In a witty refusal of the white cube, the upstairs gallery space has floor-to-ceiling white net curtains. This traditionally gendered domestic space shows pride in a new home, through the carefully chosen furniture, the chair and the dresser with matching blue and white delftware. Visitors discover that the installation is in fact a personal interrogation of home. The artist’s grandmother moved from the tenements to the inner-city flats and eventually to her own home in Finglas. The artist found photographs in her grandmother’s archive of the interior of the new house. In a clever appropriation, Malone has reproduced these photographs as tapestries.
The focal point of the exhibition is the staircase. In the tenements, where large families often shared one room, the staircase was an important place to have private conversations. This habit of sitting on the stairs to chat is central to the action in Malone’s installation.
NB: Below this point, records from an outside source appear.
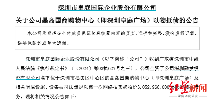 昨日晚间,皇庭国际(000056.SZ)公告称,公司收到广东省深圳市中级人民法院《执行裁定书》,公司全资子公司深圳融发投资有限公司(以下简称“融发投资”)名下位于深圳市福田区中心区的深圳皇庭广场及相关附属设施、设备被司法裁定以第一次网络拍卖起拍价30.53亿元抵偿相关债务。
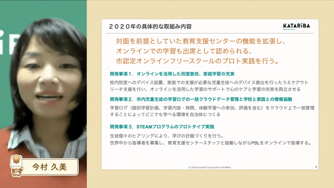 今村:全ては難しいと思いますが、学校が出す通知表を通した評価に加え、例えば教育支援センターを仲介した定性的な情報も家庭にフィードバックしてから仕組みを作っていくと、その子どもが学ぶことを止めずに続けていくことができるのかなと思いました。
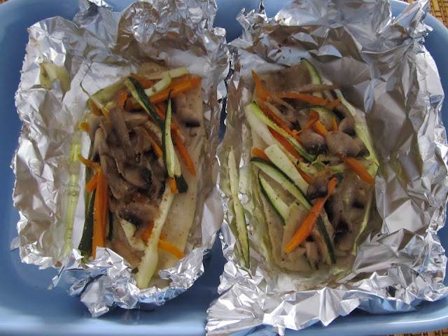 Colocar os filetes sobre o papel de alumínio - dentro de um tabuleiro - e temperar com sal e pimenta.Cortar em tiras muito fininhas todos os legumes e colocar sobre os filetes de forma a ficar uma boa camada de legumes. Por cima temperar com um pouco de sal, pimenta e alho e pó e por fim regar com um pouco de azeite. Embrulhar o conteúdo no papel de alumínio e levar ao forno a 150º durante cerca de 30 minutos.
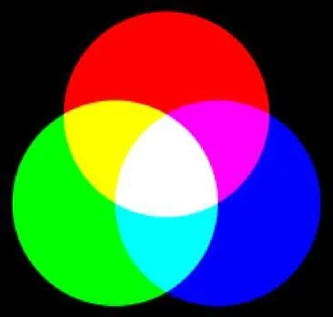 Для аддитивной цветовой модели RGB (англ. Red, Green, Blue — красный, зеленый, синий) выбор основных цветов обусловлен особенностями физиологии восприятия цвета сетчаткой человеческого глаза. Аддитивность данной системы заключается в том, что цвета в ней получаются путем добавления к черному цвету. Иначе говоря, если цвет экрана, освещенного цветным прожектором, обозначается , а цвет того же экрана, освещенного другим прожектором — , то при освещении двумя прожекторами цвет экрана будет обозначаться как .
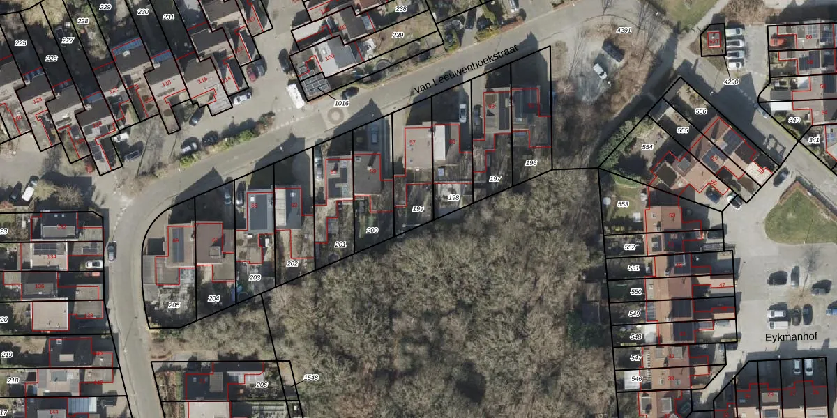 Gebruik de zoekbalk of klik op een perceel om informatie over het perceel te bekijken.
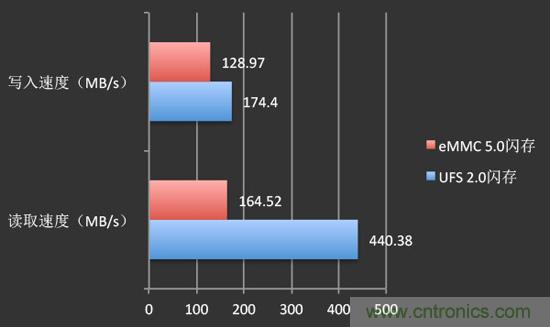 通過上面的測試,大家能夠看到,UFS 2.0閃存智能終端產(chǎn)品的讀取速度一般都能夠達(dá)到400MB/s以上,而寫入速度則在100MB/s以上。換句話說,大小為5MB左右的MP3歌曲,UFS 2.0閃存一秒即可寫入20首以上,夠不夠快呢?另外,這樣的速度究竟處于怎樣的水平?相比時下常見的eMMC 5.0閃存解決方案,優(yōu)勢究竟有多少呢?我們還是用數(shù)據(jù)來說話。

A sense of community through suggested conversation is inherent in the staircase, emphasising the disenfranchised voice. Here, the women do all the talking.
The back gallery space screens an RTÉ documentary about the move from Dublin’s tenements into the suburbs. A young woman with a buggy is pleased that her children sleep much better in the peaceful suburbs. According to the exhibition press release, Malone aims to “enter authentic working-class symbolism into the (artistic) canon” (dublincityartsoffice.ie). Indeed, we find plenty of symbolism here, from the materiality of the swirling carpets to the giant Child of Prague. By including personal narratives, Malone goes beyond stereotypes of the witty working-class Dubliner (courtesy of writers like Roddy Doyle) to bring an intimate and embodied understanding of the working-class experience to new audiences.
Beatrice O’Connell is a multidisciplinary artist based in Dublin.